Suppose $X\sim f(\cdot;q)$ where $f(\cdot;q)$ is a probability density function belonging to some parametric family. The support of the pdf is $\Omega$. The maximum entropy density for $X$ over the support $\Omega$ is $f(\cdot;q)$ given we restrict our attention to a particular parametric family. Mathematically,
$$\max_{p} \sum_{x \in \Omega} f(x;q) \log f(x;p) = \sum_{x \in \Omega} f(x;q) \log f(x;q).$$
Suppose, we truncate the support to some non-empty $\Xi:= \{X>k\}$. It has already been shown in this post that,
$$\max_{p} \sum_{x \in \Xi} f(x;q) \log f(x;p) \implies \sum_{x \in \Xi} f(x;q) \leq \sum_{x \in \Xi} f(x;p^*) \tag{1} \label{eq1}.$$
Now, I am interested in situations where the inequality in \eqref{eq1} will hold strictly.

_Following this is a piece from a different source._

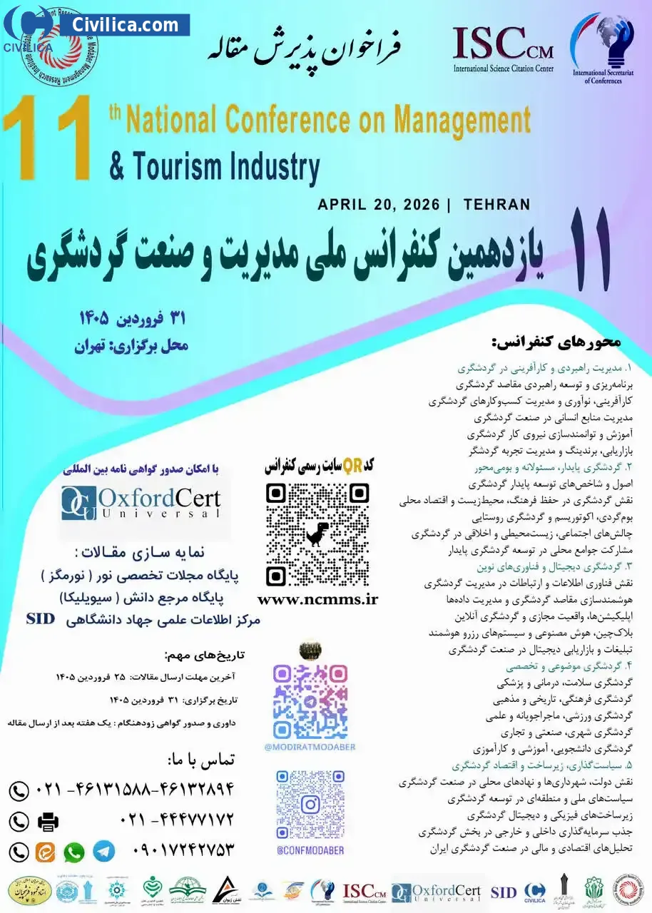 Postall Address: تهران، بزرگراه اشرفی اصفهانی، بالاتر از میدان پونک. بلوار کمالی، پلاک ۷، ساختمان گلها، واحد ۱۶. دبیرخانه بین المللی کنفرانس ها

It means,
$$\sum_{x \in \Xi} f(x;q) < \sum_{x \in \Xi} f(x;p^*) \tag{1} \label{eq2}.$$
I suspect that, $\mathbb{E}_{q}(X) \neq \mathbb{E}_{q}(X|X \in \Xi)$ will always imply the strict inequality in \eqref{eq2}. Or alternatively, whenever, $\mathbb{E}_{q}(X) = \mathbb{E}_{q}(X|X \in \Xi)$ it will imply that $\sum_{x \in \Xi} f(x;q) = \sum_{x \in \Xi} f(x;p^*)$. Is that right?